The prediction of protein–ligand interactions by AF3 and RFAA has the potential to greatly expedite the drug discovery process. By providing more precise modeling of these interactions, virtual screening of drugs can become more effective. However, due to the less-than-ideal accuracy and success rate of AF3, it remains uncertain to what extent virtual screening can be improved. It is particularly interesting to investigate whether AF3 can identify small molecules that bind to target proteins in a chemical library, as well as determine the true positive rate. To further enhance these methods, future research could integrate the binding affinity between the ligand and protein, as well as the experimental conditions used for measuring the affinity, into the training process of the networks. To accomplish this, the pharmaceutical industry may need to consider making their data of measured binding affinities between numerous ligands and proteins available to the public for gathering sufficient information for the prediction of not only the complex structure, but also the binding affinity and even the “druggability”.

Notably, the diffusion modules utilized in AF3 and RFdiffusion All-Atom (RFdiffusionAA)3 are generative in nature. RFdiffusionAA can generate new proteins around small molecules of interest. These generated proteins were further confirmed through experimental validation, and RFdiffusionAA holds significant potential in the development of small molecule-binding proteins and sensors. Conversely, by fine-tuning AF3 or RFAA on diffusion denoising tasks, it may be feasible to generate novel small molecules that fit into specific pockets of target proteins. The prospect of designing small-molecule drugs solely based on protein sequence information is fascinating.

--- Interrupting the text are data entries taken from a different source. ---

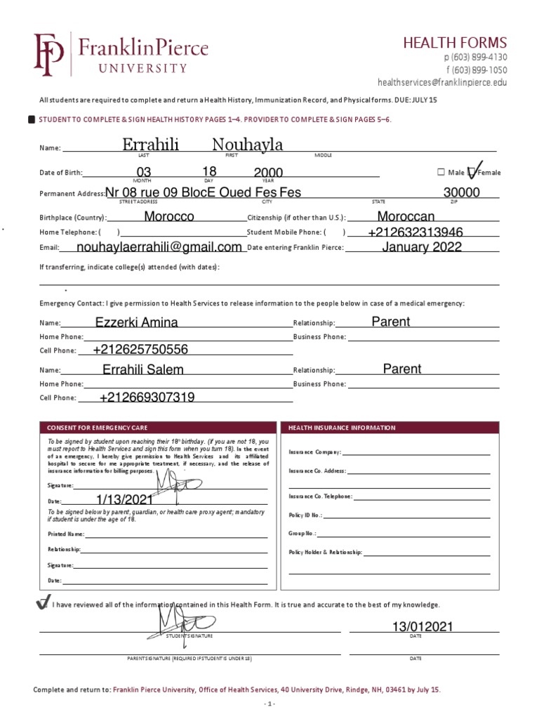 Complete and return to: Franklin Pierce University, Office of Health Services, 40 University Drive, Rindge, NH, 03461 by July 15.
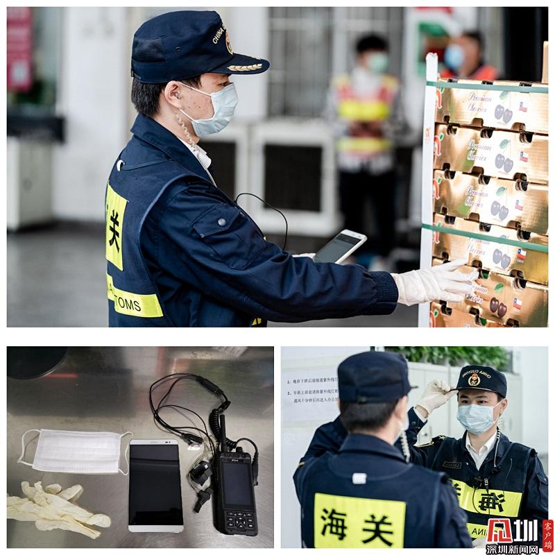 在文錦渡海關(guān)上班的祝子默開始了他上崗的一天。在接受了口岸監(jiān)管場的體溫檢查后,他戴上口罩和手套,裝配上海關(guān)查驗單兵設(shè)備,對進(jìn)口水果實施查驗。
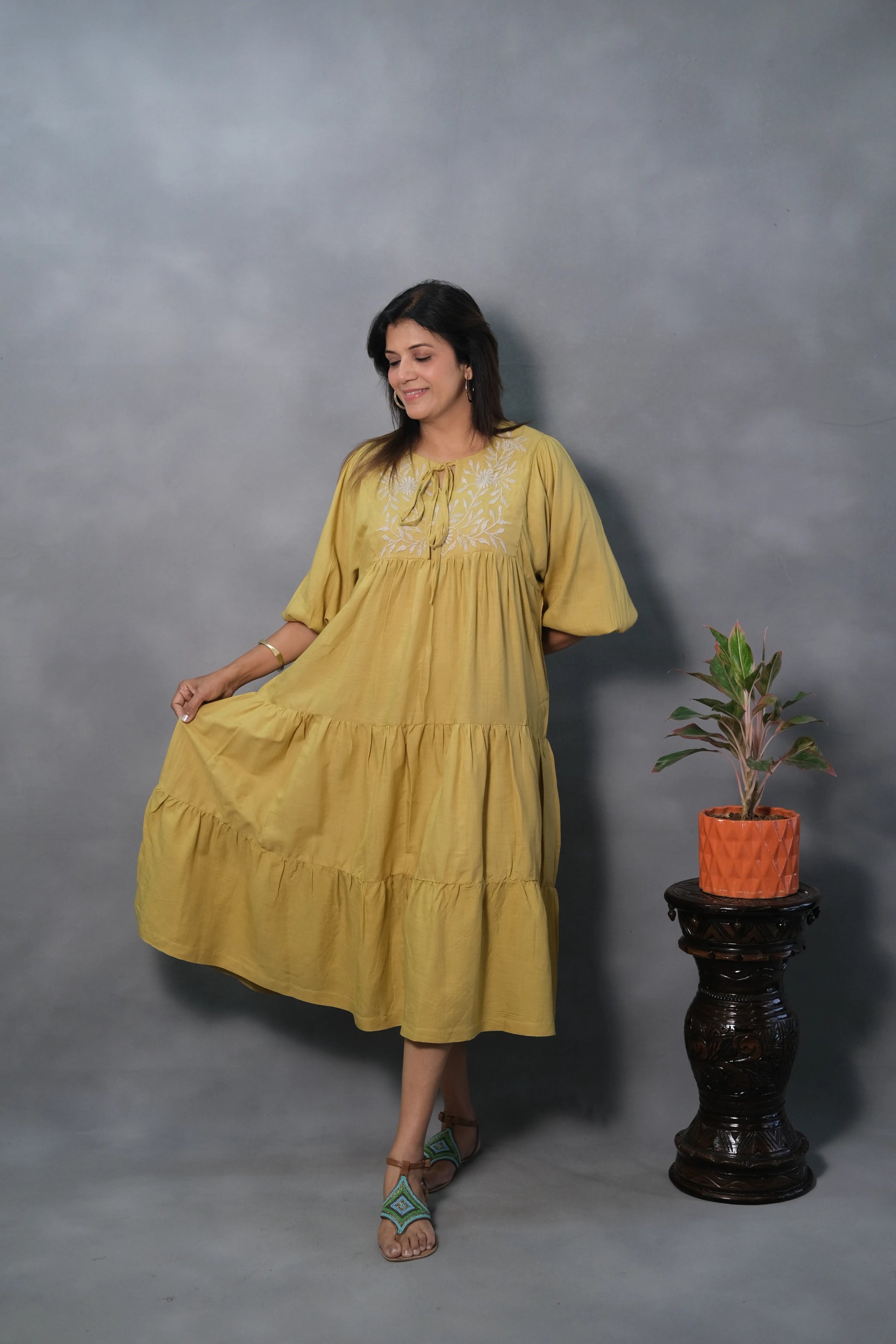 Yellow Oversized Embroidered One Piece Dress | Slub Cotton
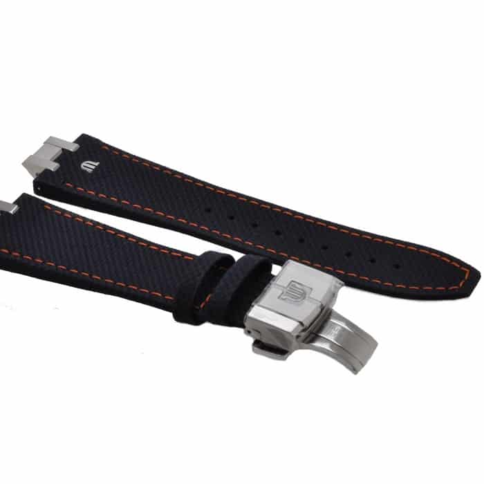 Strap: Stainless steel + blue calf leather with orange stitching

Unlike RFAA, AF3 has not been made open source, which could potentially limit its impact. Currently, only a web server is offered with restricted access. The DeepMind team said they were “working on releasing the AF3 model for academic use” within 6 months after an open letter entitled “AlphaFold3 Transparency and Reproducibility” was posted on May 11, 2024 ( We hope to see the release of AF3 model shortly so that it can be used in a wide range of scientific and technological domains, improving human health in the end.